そして、それぞれのフォントには必ず、それをデザインした人=書体設計士の存在がいます。
そんな書体設計士の一人・鳥海修さんの著書「文字を作る仕事」に、書家・石川九楊さんのお名前が登場します。
MacやiPhoneに搭載されたヒラギノ明朝を作った際にも修整指示を担当されたそうで、鳥海さんと同じく京都精華大学の教授を務められ、書家としての活動の他に書や文字に関する研究を行っています。
現代日本で使われる文字のルーツは、中国古代にまでさかのぼります。
亀甲や骨に刻まれた甲骨文字や、殷周時代の金属器に鋳込まれた金文から、漢字の歴史がはじまったのです。
いかにも象形文字らしいかわいさを残す文字のデザインから、日本と中国でそれぞれ発展していった書の歴史、はては自動車のナンバープレート、漫画の描き文字にいたるまで、さまざまな視点で文字をとらえ直していきます。

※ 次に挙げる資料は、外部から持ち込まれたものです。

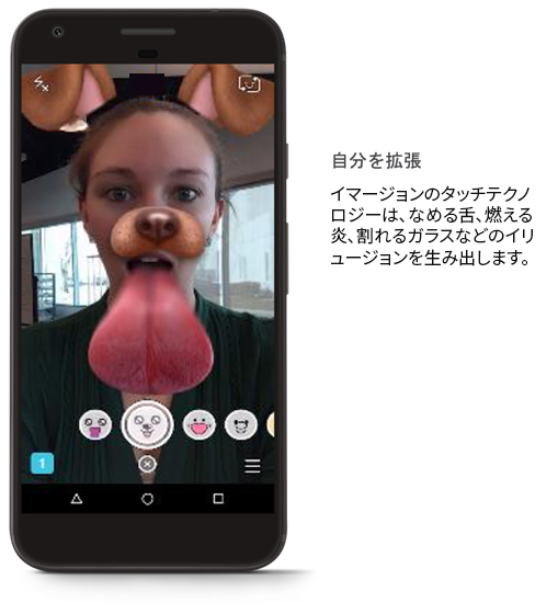 ユーザーは、触感付きのステッカーや絵文字を送り合ったり、絵を描くときに感じる触感を楽しんだりしています。触感は、メッセージやSNS上のやり取りを、ユニークで生き生きとしたものにします。しかし、AR カメラ エフェクトに触感を加えると、ユーザー エンゲージメントの可能性をさらに高め、ユーザーが画像を使って遊べるようになります。濡れた舌で画面をなめたり、炎で友達の携帯電話をカリカリになるまで焼いたりする感触を感じてもらうこともできます。触感効果はエンゲージメントを高めることが示されており、デベロッパーがクリエイティブに新しい体験をデザインすることができます。
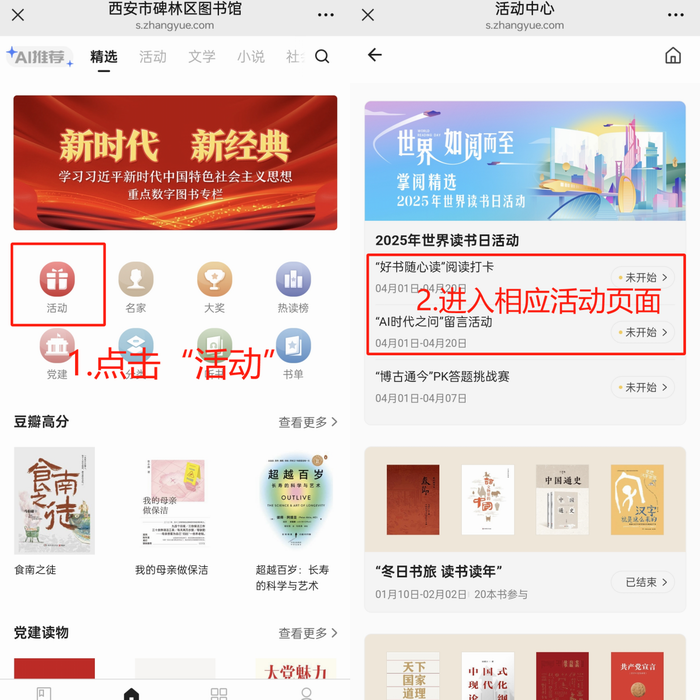 在2025年世界读书日到来前,碑林区图书馆联合掌阅精选推出“世界 如阅而至”阅读活动。快来参与活动,以文字的形式遇见世界,让世界走近你。

たとえば、フォントの分類のひとつに、かつて大銀行や官公庁の看板に多く使われていた隷書体というものがあります。
いまでも、新聞の題字(タイトル)や紙幣に使われ、なんとなく威厳がありそう、という雰囲気をかもし出すフォントです。
歴史的には、実印に使われる篆書体が生まれたのち、漢の時代に完成し、毛筆の特性である筆触の存在感が強くあらわされています。
一般的に毛筆と認識される楷書体・行書体・草書体の先祖としての威光が、今にいたるまで隷書体のイメージにつながっているのかもしれません。

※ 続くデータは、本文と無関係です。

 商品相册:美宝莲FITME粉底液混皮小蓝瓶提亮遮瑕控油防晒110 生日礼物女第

この本の中で、石川さんは「書は言葉=文字に同伴する美術である」として、書がもつ、ほかの美術との差異を明らかにします。
絵画であったり、ピアノであったり、ほかの芸術であれば、まったくの初心者の状態から一歩一歩階段をのぼっていく必要があります。
ところが、現代日本で生きている人であれば、鉛筆やペンであろうと、長年文字を書く機会があり、書についてまったくの初心者ではない、といいます。
本書は平成5年に出版されたもので、それから四半世紀の時が経ち、紙などに直接文字を書く機会が減っている人が多いこともたしかでしょう。
それでも、街中で、わたしたちは多くの文字に触れ、多くの文字を指先から打ち出し続けています。
それがフォントの形であっても、それが生まれるまでの歴史、きざまれた文化を知ることは、けっして無駄なことではありません。
それによって、より深く、文字を味わうことができるのです。